One thing I noticed a lot of people do is they use momentum and bounce when they do calves. I would extend and do a static hold for at least one second and then go slow on the eccentric. The point of contraction is during plantarflexion. That's where the magic happens. 



PitViper said:


> Hey what's up, I'm new and this is my 1st post outside of the introduction. I didn't see this subject anywhere so I figured I'd start one and see what kinda answers we get..
> 
> So I'm flat footed. I was born that way but it got progressively worse over the years. I'm not a super bad case like I've seen where people have "rigid" flat feet where they can't "fake an arch" but they're flat enough that now about to be 40 years old I definitely have some issues when it comes to my lower back. I try to be mindful of my stance and keep my weight to the outside or my feet because naturally they want to over pronate and put all the weight on the inside of my feet which has my knees going inside, towards each other. Now even if I did, you'd have to really look to notice it by eye but obviously I'm aware and when I do certain exercises it's tough to keep certain forms.
> 
> ...


----------



## BRICKS (Jan 8, 2017)

I got my calves to grow by simply beating the crap outta them. Not necessarily with superb heavy weights, but with consistently making them bleed.  I train calves minimum 4 times each week, each calf session is one set seated calf and one set on the cybex rotary calf.  I started with X weight and stayed there till I could do 100 reps, no pause.  Then increased weight, repeat process.  It hurts, they cramp, but I got them to grow. Once I got them going in the right direction I started mixing things up, but I still do a minimum of 300 reps for calve 4 days each week.


----------



## PitViper (Jan 8, 2017)

BRICKS said:


> I got my calves to grow by simply beating the crap outta them. Not necessarily with superb heavy weights, but with consistently making them bleed.  I train calves minimum 4 times each week, each calf session is one set seated calf and one set on the cybex rotary calf.  I started with X weight and stayed there till I could do 100 reps, no pause.  Then increased weight, repeat process.  It hurts, they cramp, but I got them to grow. Once I got them going in the right direction I started mixing things up, but I still do a minimum of 300 reps for calve 4 days each week.
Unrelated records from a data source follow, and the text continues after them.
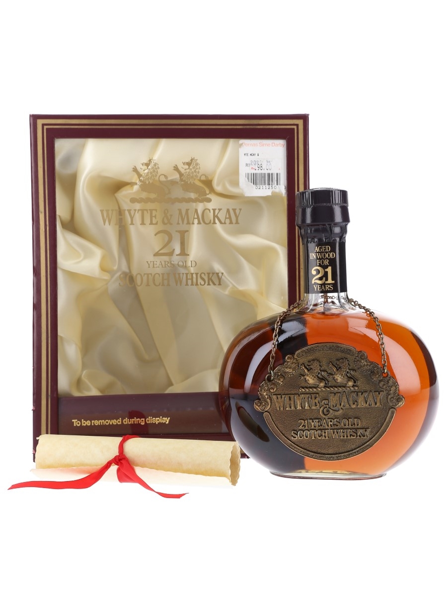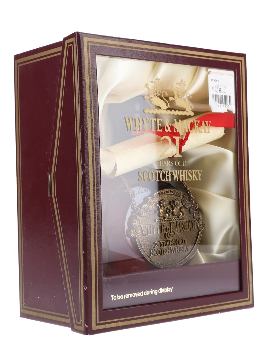 A bottle of Whyte & Mackay 21 Year Old with a gold medallion. We estimate this was bottled in the 1980s.
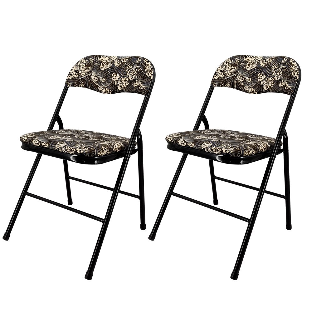 - 折畳み椅子 ジェネリック家具 2脚set 和モダンチェア オリジナル 和柄 伝統文様 可愛い シンプル 折畳み コンパクト パイプチェア茶波
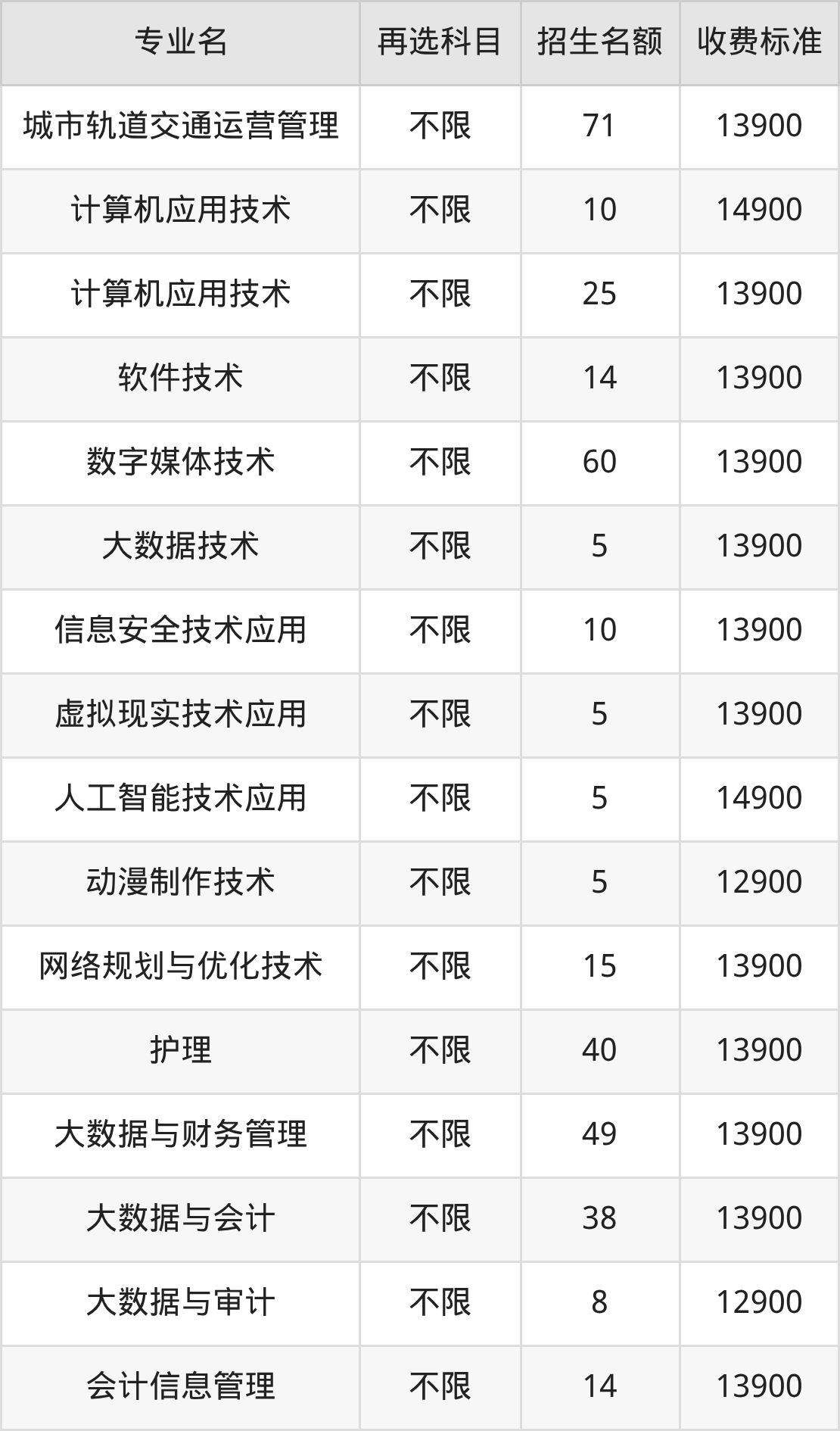 20.计算机应用技术:学费是14900元
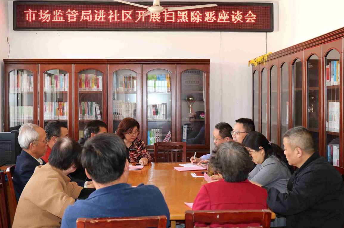局党委主要负责同志和党委成员进社区、进市场开展走访排查活动,与结对社区干部进行座谈交流,了解社区扫黑除恶专项斗争开展情况,掌握第一手资料。进市场了解市场运营情况及扫黑除恶工作现状,与市场管理人员座谈,听取扫黑除恶专项斗争日常工作情况汇报,了解市场扫黑除恶宣传发动、线索摸查、发动群众等工作进展、重点难点及下一步工作计划;与市场经营户开展座谈,了解市场经营环境是否满意,是否有涉黑涉恶乱象,鼓励大家积极举报、提供线索,同时积极回应了经营户对扫黑除恶工作的疑问和顾虑;在市场管理人员陪同下走访经营户,分发集贸市场扫黑除恶宣传材料,了解不同行业扫黑除恶新动向。
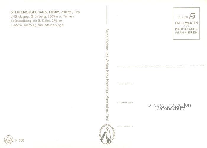 73652316 Brandberg Tirol Steinerkogelhaus Zillertal Blick gegen Gruenberg Penken Wanderweg zum Steinerkogel Zillertaler Alpen postalisch nicht gelaufen Erhaltung siehe scans [FriedD77] KatCode: 11390335070903

I think I'm gonna follow this. This whole 1-2x a week for a body part is BS especially when it comes to my calves. Thanks for the post. Gonna start tomorrow after work.


----------



## PitViper (Jan 8, 2017)

snake said:


> I have flat feet, like zero arch and have all my life. It never negativity effected my squat. I  heard some bro science once say most good squatters have flat feet. I'm not pinning your knee knocking on your flat feet.



This is good news to me. I'm glad to hear you haven't had any issues with the squat. Now I have to dissect the movement and find the knee knock. Eliminating the arch issue takes a load off my mind. Thanks.


----------



## ToolSteel (Jan 9, 2017)

PitViper said:


> This is good news to me. I'm glad to hear you haven't had any issues with the squat. Now I have to dissect the movement and find the knee knock. Eliminating the arch issue takes a load off my mind. Thanks.



imagine you're in the bottom of a squat and your spotter pokes your b-hole. 
Squeeze glutes. Knees out. seal that door closed.


----------



## snake (Jan 9, 2017)

ToolSteel said:


> imagine you're in the bottom of a squat and your spotter pokes your b-hole.



There's no place for that in a lifting forum. Keep your weird fetish fantasies out of here.


----------